Lockdown: The year of doing nothing

January 1, 2021 by Mo Fanning Leave a Comment

Lockdown masks please

What did I do during lockdown? Did I learn another language, take up meditation, reorganise my life? No, actually I sat on my arse and stared at a computer screen, scrolling news site after news site hoping for something better. I took my ability to put things off to a whole new level. With a chapter to write or a short story to edit, I set aside tomorrow, and couldn’t settle to a blank page without first making sure I’d dusted shelves, peeled carrots, reorganised my spice collection or washed the bedroom windows.

My lockdown creation‘See how brilliantly this has come out,’ I said, brandishing what used to be a pickle jar at Mr Fanning. Sprayed Winter Gray and filled with dried flowers snaffled from Etsy. My creation would surely spark joy. Those were the days.

Ten months into lockdown and we’ve run out of things to say. We no longer rant and read headlines. All fight is drained. Quaint expressions like Covid Tsars, Track and Trace and I only drove to Yorkshire to test my eyes are consigned to the bin fire of recent history. Boris Johnson has copied Theresa May’s homework and passed it off as his own and dragged the country out of Europe when unity and group purchase power matters more than ever.
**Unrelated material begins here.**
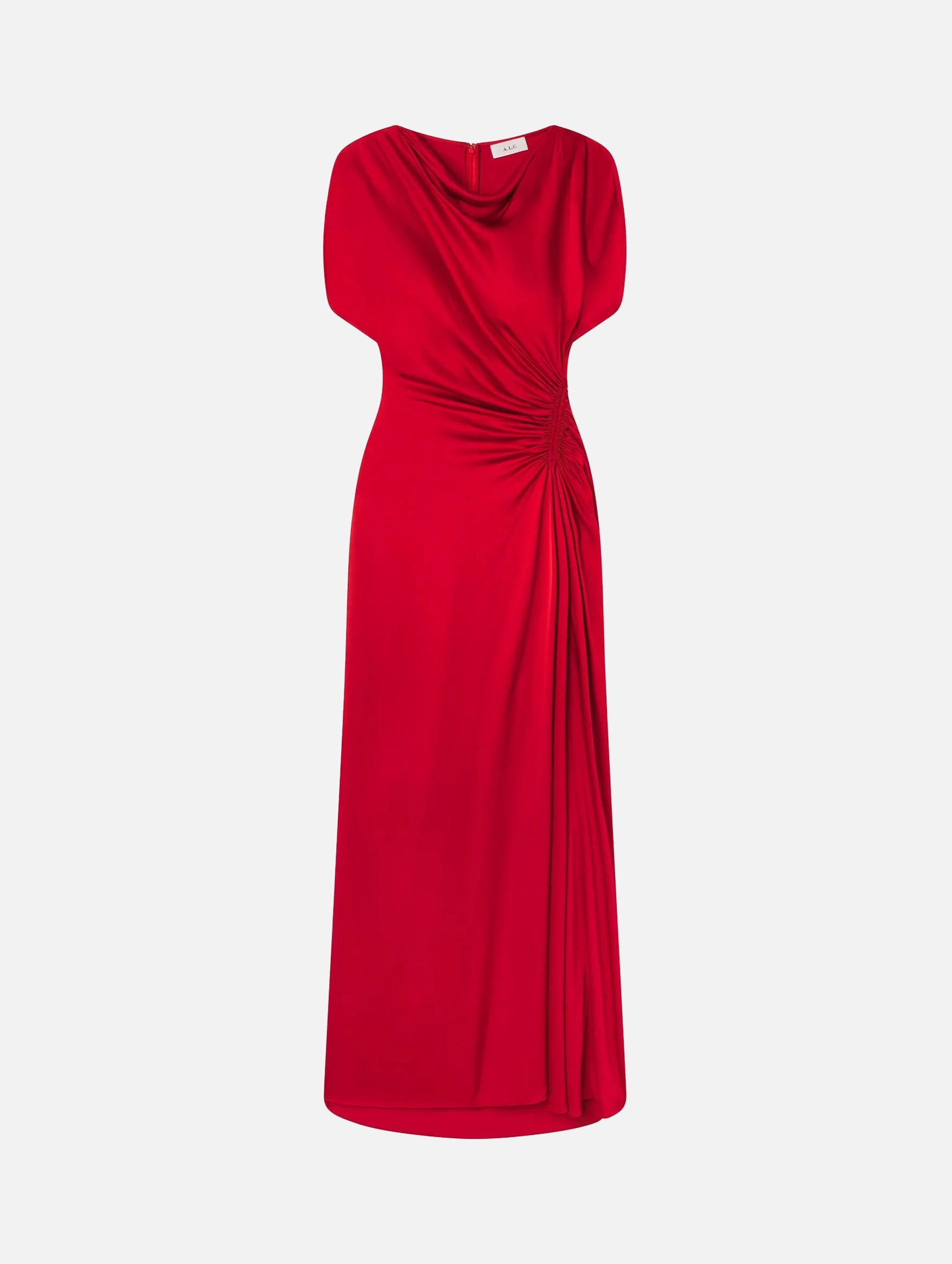 The Nadia Satin Gown from ALC is crafted from our fluid satin fabric in a vibrant red hue. This full-length silhouette features an elegantly draped cowl neckline and short sleeves with slits for added movement. Gathering along the curved seam through the hip creates another focal point, flowing into a draped hemline with beautiful movement. Pair with metallic heels and statement earrings for a sleek holiday look.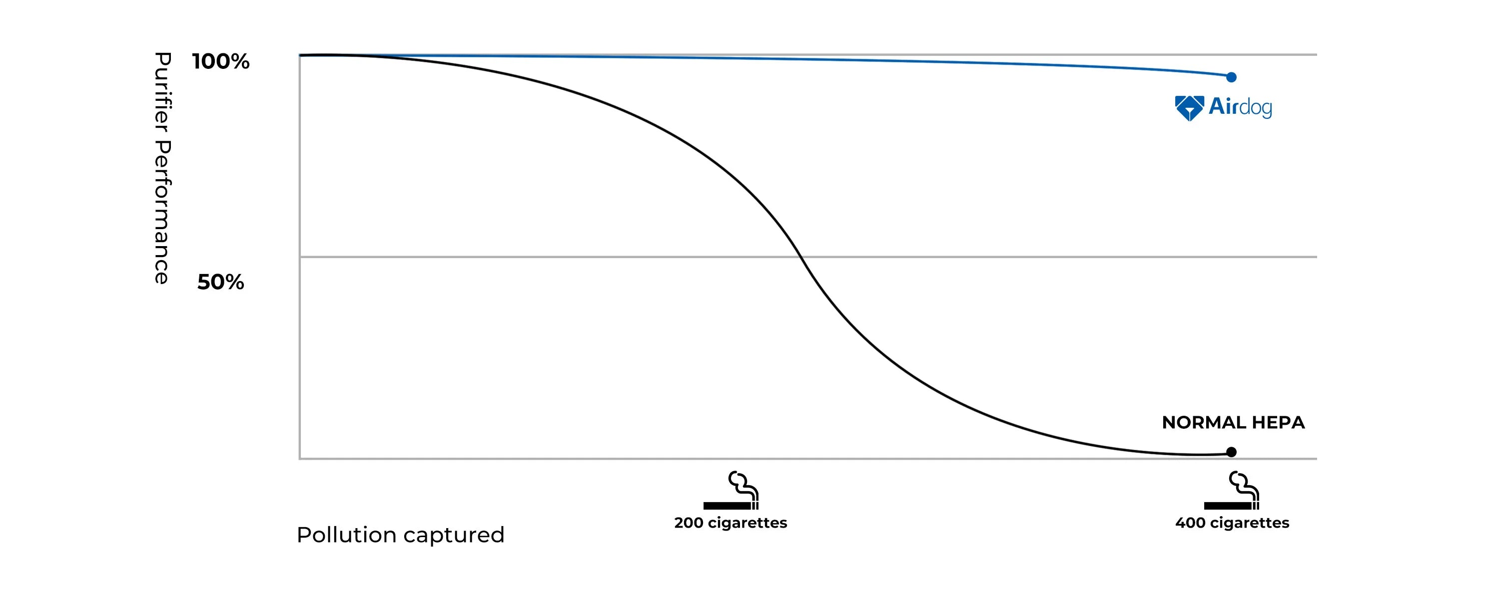 A standard HEPA filter reaches its limit after filtering smoke from about 45 cigarettes. An Airdog TPA purifier, however, can handle the smoke of 440 cigarettes with only a 0.2% drop in performance.

A year ago, I’d be on a march, or demanding to talk to my local MP. Now I tut and turn the page.

I’ve lived through panic buying loo roll, tinned tomatoes and dried pasta, cut my own hair badly and refused to rattle saucepans as the NHS re-appropriated my rainbow.

Lockdown mania

Having always had an anal side (no sniggering in the cheap seats), Covid lockdown has brought out in me a new mania for cleaning products. I’ve every type of spray and pump-action refillable pouch known to man. The Fanning homestead smells of lemon, pine and honeysuckle rose. I discovered Apartment Therapy and bought into each tip and trick they sent my way. I’ve trolled Amazon for tools to clean windows, sprays to remove rust and (much to Mr Fanning’s chagrin) declared war on any item left out on a surface after use.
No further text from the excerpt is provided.